Paper 2020/218

Design Space Exploration for Ultra-Low Energy and Secure IoT MCUs

Ehsan Aerabi and Milad Bohlouli and MohammadHasan Ahmadi Livany and Mahdi Fazeli and Athanasios Papadimitriou and David Hely

Abstract

This paper explores the design space of secure communication in ultra-low-energy IoT devices based on Micro-Controller Units (MCUs). It tries to identify, evaluate and compare security-related design choices in a Commercial-Off-The-Shelf (COTS) embedded IoT system which contribute in the energy consumption. We conduct a study over a large group of software-implemented crypto algorithms: symmetric, stream, hash, AEAD, MAC, digital signature and key exchange.

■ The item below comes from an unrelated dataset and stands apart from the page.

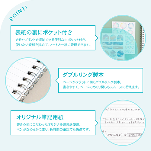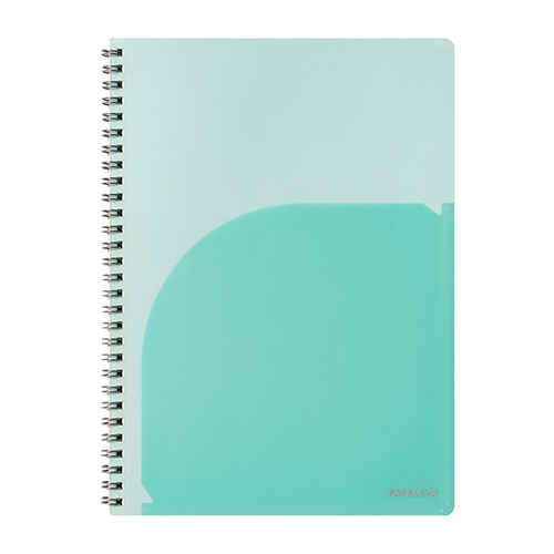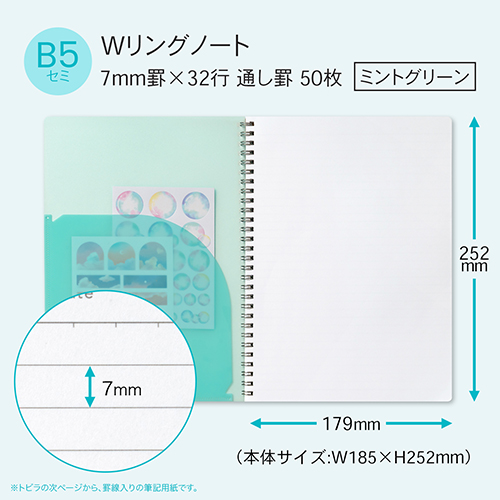 ●表紙:丈夫なPP素材(表2ポケット付き) ●本文用紙:オリジナル筆記用紙 A上質 70g/㎡ ●製本:Wリング綴じ製本 ●規格:セミB5 ●本文サイズ:179×252mm ●罫内容:7mm罫 32行 通し罫 ●枚数:50枚 ●カラー:ミントグリーン ●最小出荷単位: 5

A comprehensive report of the targeted optimization attributes (memory, performance and specifically energy) will be presented from over 450 experiments and 170 different crypto source codes. The paper also briefly explores a few system-related choices which can affect the energy consumption of secure communication, namely: architecture choice, communication bandwidth, signal strength and processor frequency. In the end, the paper gives an overview on the obtained results and the contribution of all. Finally it shows, in a case study, how the results could be utilized to have a secure communication in an exemplary IoT device. This paper gives IoT designers an insight on the ultra-low-energy security, helps them to choose appropriate cryptographic algorithms, reduce trial-and-error of alternatives, save effort and hence cut the design costs.